GIVEN DATA.
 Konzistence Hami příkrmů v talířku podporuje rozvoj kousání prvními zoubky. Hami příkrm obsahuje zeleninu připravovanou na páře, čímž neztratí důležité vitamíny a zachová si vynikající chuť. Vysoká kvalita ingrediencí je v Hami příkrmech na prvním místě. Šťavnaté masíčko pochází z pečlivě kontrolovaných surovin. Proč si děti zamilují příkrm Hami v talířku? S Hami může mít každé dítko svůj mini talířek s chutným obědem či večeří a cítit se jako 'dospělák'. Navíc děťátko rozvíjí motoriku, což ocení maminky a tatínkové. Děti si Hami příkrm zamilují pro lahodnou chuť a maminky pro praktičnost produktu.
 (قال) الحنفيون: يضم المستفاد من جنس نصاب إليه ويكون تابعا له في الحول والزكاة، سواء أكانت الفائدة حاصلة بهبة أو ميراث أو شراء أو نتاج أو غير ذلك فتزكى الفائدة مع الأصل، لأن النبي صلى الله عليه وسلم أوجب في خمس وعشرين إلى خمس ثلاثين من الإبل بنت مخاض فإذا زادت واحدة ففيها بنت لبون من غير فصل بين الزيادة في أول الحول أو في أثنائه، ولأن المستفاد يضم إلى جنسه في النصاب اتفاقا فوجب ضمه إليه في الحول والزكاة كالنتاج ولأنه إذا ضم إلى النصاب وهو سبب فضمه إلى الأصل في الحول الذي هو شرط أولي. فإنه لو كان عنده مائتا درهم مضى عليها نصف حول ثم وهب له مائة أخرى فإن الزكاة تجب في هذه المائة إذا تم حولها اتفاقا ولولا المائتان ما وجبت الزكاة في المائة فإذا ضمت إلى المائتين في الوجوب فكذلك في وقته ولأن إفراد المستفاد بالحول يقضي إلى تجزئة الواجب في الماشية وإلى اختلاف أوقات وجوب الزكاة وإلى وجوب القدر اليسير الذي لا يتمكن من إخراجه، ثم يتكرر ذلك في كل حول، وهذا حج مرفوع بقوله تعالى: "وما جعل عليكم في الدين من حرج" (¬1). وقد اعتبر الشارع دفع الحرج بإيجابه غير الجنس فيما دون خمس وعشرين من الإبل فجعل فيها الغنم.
...
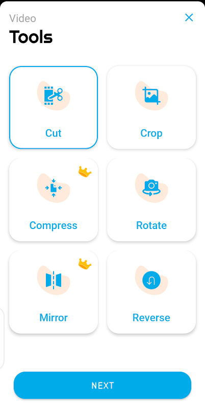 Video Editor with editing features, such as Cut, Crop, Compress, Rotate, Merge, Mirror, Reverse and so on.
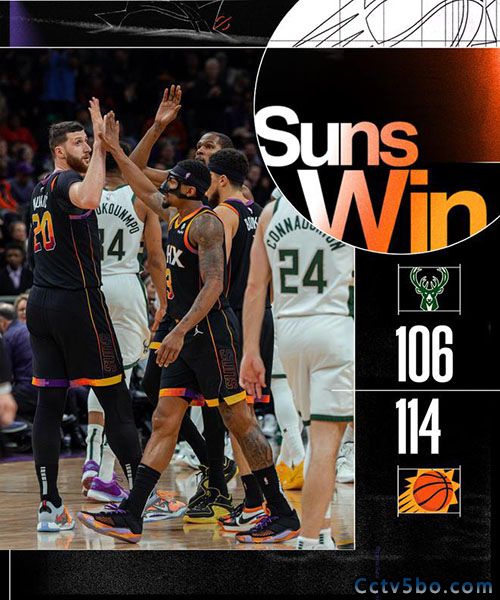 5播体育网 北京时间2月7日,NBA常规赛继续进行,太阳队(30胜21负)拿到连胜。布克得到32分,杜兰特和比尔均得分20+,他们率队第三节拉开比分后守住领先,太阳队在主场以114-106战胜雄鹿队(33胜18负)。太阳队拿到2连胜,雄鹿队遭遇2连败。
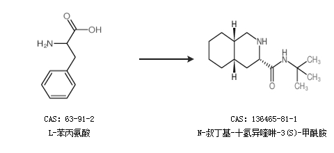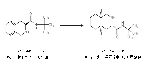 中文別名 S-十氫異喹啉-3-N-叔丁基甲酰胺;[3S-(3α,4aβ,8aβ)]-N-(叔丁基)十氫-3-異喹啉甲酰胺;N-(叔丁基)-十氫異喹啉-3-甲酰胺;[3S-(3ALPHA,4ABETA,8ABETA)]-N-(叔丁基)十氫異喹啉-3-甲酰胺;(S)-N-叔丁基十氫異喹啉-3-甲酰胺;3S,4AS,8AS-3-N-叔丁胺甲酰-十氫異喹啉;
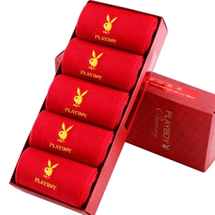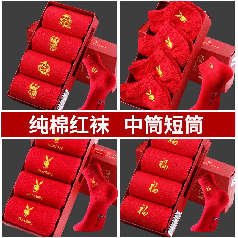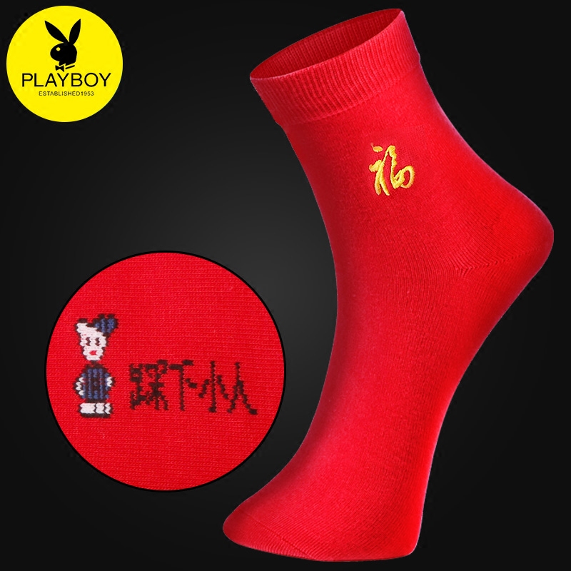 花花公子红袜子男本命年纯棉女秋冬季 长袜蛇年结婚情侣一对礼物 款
==
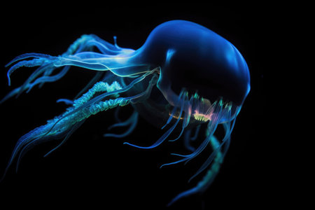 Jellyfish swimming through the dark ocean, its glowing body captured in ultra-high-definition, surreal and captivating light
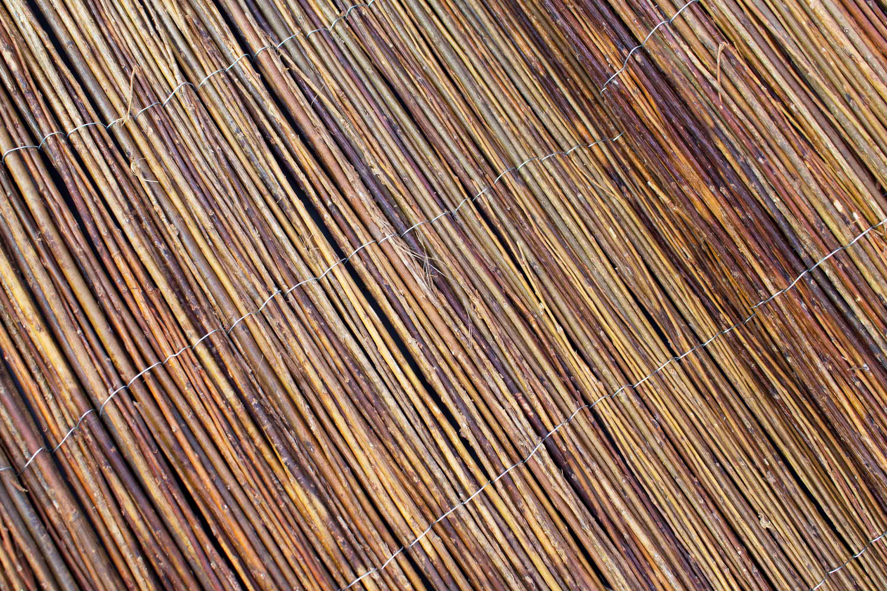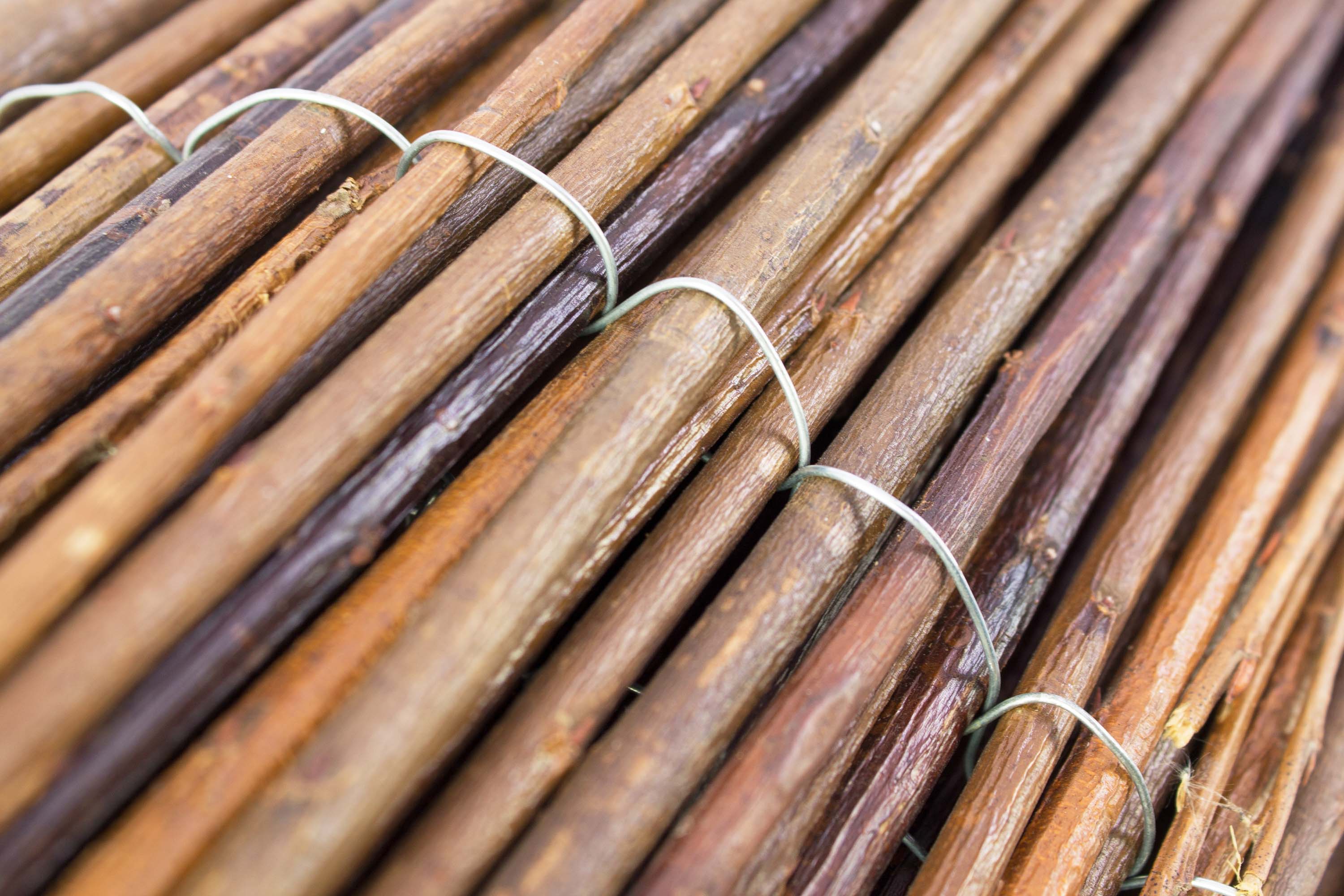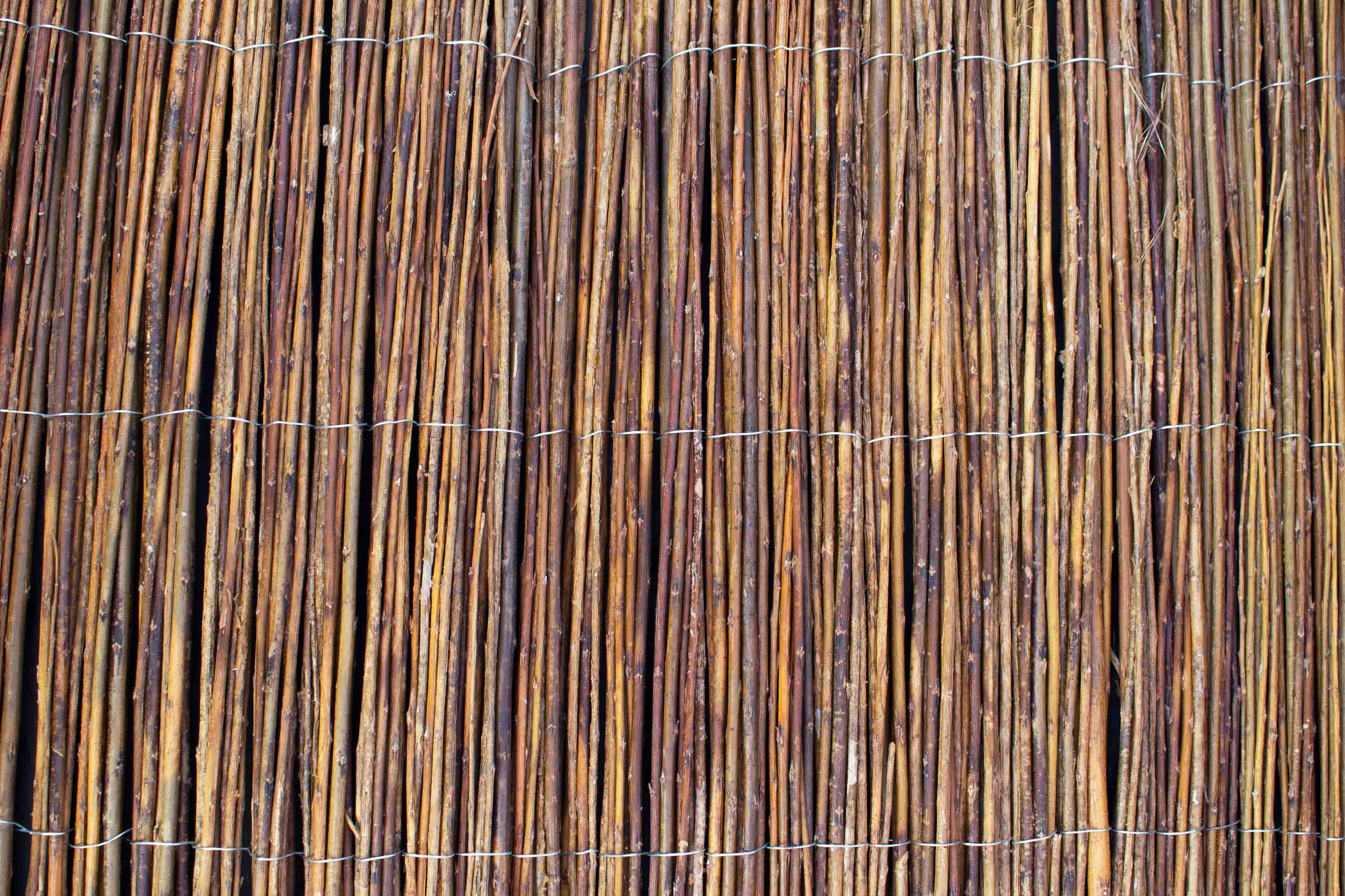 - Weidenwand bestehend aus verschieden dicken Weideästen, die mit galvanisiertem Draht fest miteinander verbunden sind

PROBLEM STATEMENT. From the material above, output only the span of lines that starts at the one containing "5播体育网 北京时间2月7日" and finishes at the one containing "花花公子红袜子男本命年纯棉女秋冬季 长袜蛇年结婚情侣一对礼物 款", word for word and free of pictures.

TASK RESULT.
 5播体育网 北京时间2月7日,NBA常规赛继续进行,太阳队(30胜21负)拿到连胜。布克得到32分,杜兰特和比尔均得分20+,他们率队第三节拉开比分后守住领先,太阳队在主场以114-106战胜雄鹿队(33胜18负)。太阳队拿到2连胜,雄鹿队遭遇2连败。
 中文別名 S-十氫異喹啉-3-N-叔丁基甲酰胺;[3S-(3α,4aβ,8aβ)]-N-(叔丁基)十氫-3-異喹啉甲酰胺;N-(叔丁基)-十氫異喹啉-3-甲酰胺;[3S-(3ALPHA,4ABETA,8ABETA)]-N-(叔丁基)十氫異喹啉-3-甲酰胺;(S)-N-叔丁基十氫異喹啉-3-甲酰胺;3S,4AS,8AS-3-N-叔丁胺甲酰-十氫異喹啉;
 花花公子红袜子男本命年纯棉女秋冬季 长袜蛇年结婚情侣一对礼物 款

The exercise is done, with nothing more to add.